JOHANNESBURG, South Africa
Amnesty International is
accusing Russia of committing war crimes in
the Ukrainian port city of Mariupol.
The human rights organization
will soon release an in-depth report on the devastation caused by Russia’s
assault on the city on the Sea of Azov, Amnesty’s Secretary-General Agnes
Callamard said in a press conference in Johannesburg.
“The siege of Mariupol, the
denial of humanitarian evacuation and humanitarian escape for the population,
and the targeting of civilians, according to Amnesty International’s
investigation, amounts to war crimes,” said Callamard. “That is the reality of
Ukraine right now.”
Callamard said “the crisis in
Ukraine right now, the invasion ... is not just any kind of violation of
international law. It is an aggression. It is a violation of the U.N. charter
of the kind that we saw when the U.S. invaded Iraq.”
On other topics, Amnesty
released its annual report Tuesday, with Callamard noting that, amid the
pandemic, large corporations and wealthy countries had increased global
inequality in 2021.
“Noxious corporate greed and
brutal national selfishness, as well as neglect of health and public
infrastructure,” deepened existing global inequalities, Callamard said.
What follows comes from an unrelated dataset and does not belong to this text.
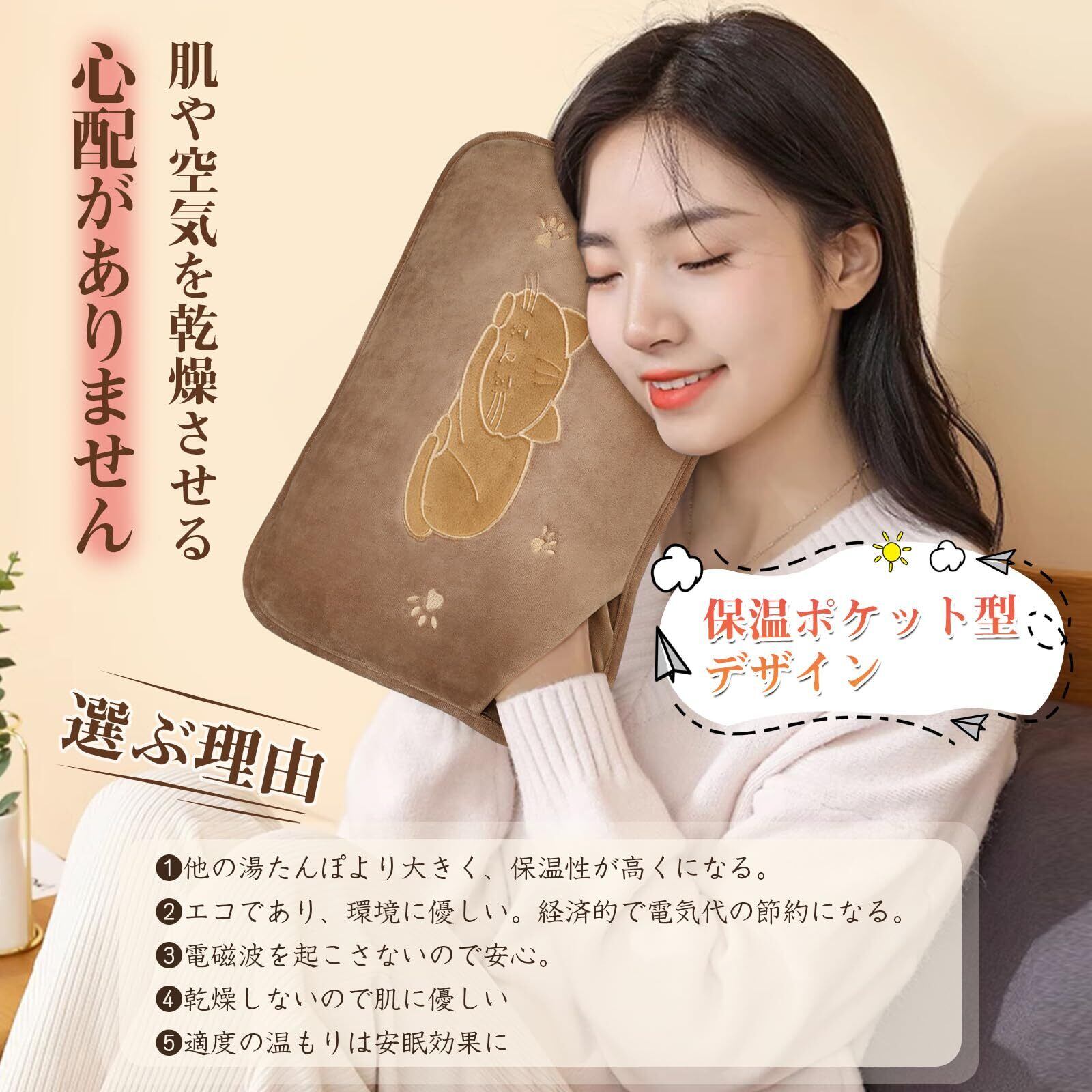 湯たんぽ ゆたんぽ 充電式【大きめサイズ&保温ポケットデザイン】湯タンポ エコ 4~12H長時間保温 省エネ ふわふわ保温カバー付 洗濯OK 防爆充電器 過熱防止機能 蓄熱式 電気湯たんぽ 繰り返し使用可 暖房器具 防寒 キャンプ 冷房対策 誕生日 ギフト 人気 クリスマス 祝い プレゼント 【PSE認証済み&METI経済省登録済み】 (ブラウン Lサイズ)

Vaccine inequity during the
pandemic has entrenched racial injustice, said the report. By the end of 2021,
only 8% of Africa’s population of 1.3 billion people had been vaccinated, far
short of the World Health Organization’s 40% vaccination target, it said.
“Despite efforts by some
governments ... international cooperation largely failed. High-income countries
stockpiled millions more doses than they could use, leaving some countries able
to vaccinate their entire populations three to five times over,” Amnesty’s
report said.
Amnesty estimated that some
major vaccines manufacturers — including BioNTech, Pfizer and Moderna — stood
to make profits of more than $130 billion by the end of 2022. It said wealthy
nations had largely failed to provide debt relief to poorer nations in order to
support their economic recovery from the pandemic.
“There was an opportunity to use the huge global investment and medical breakthroughs to improve the delivery of healthcare. However, governments around the world failed to show leadership,” said the report.
In Africa, millions of
civilians also suffered from armed conflicts in 2021, the report said.
Participants in Africa’s
conflicts — including ones in Burkina Faso, Cameroon, Central African Republic,
Congo, Ethiopia, and Mali — have committed war crimes and other serious
violations of international human rights law, according to the organization.
The report said 2021 also saw
continued attacks on journalists, activists and human rights defenders, with
some governments using COVID-19 regulations to suppress protests.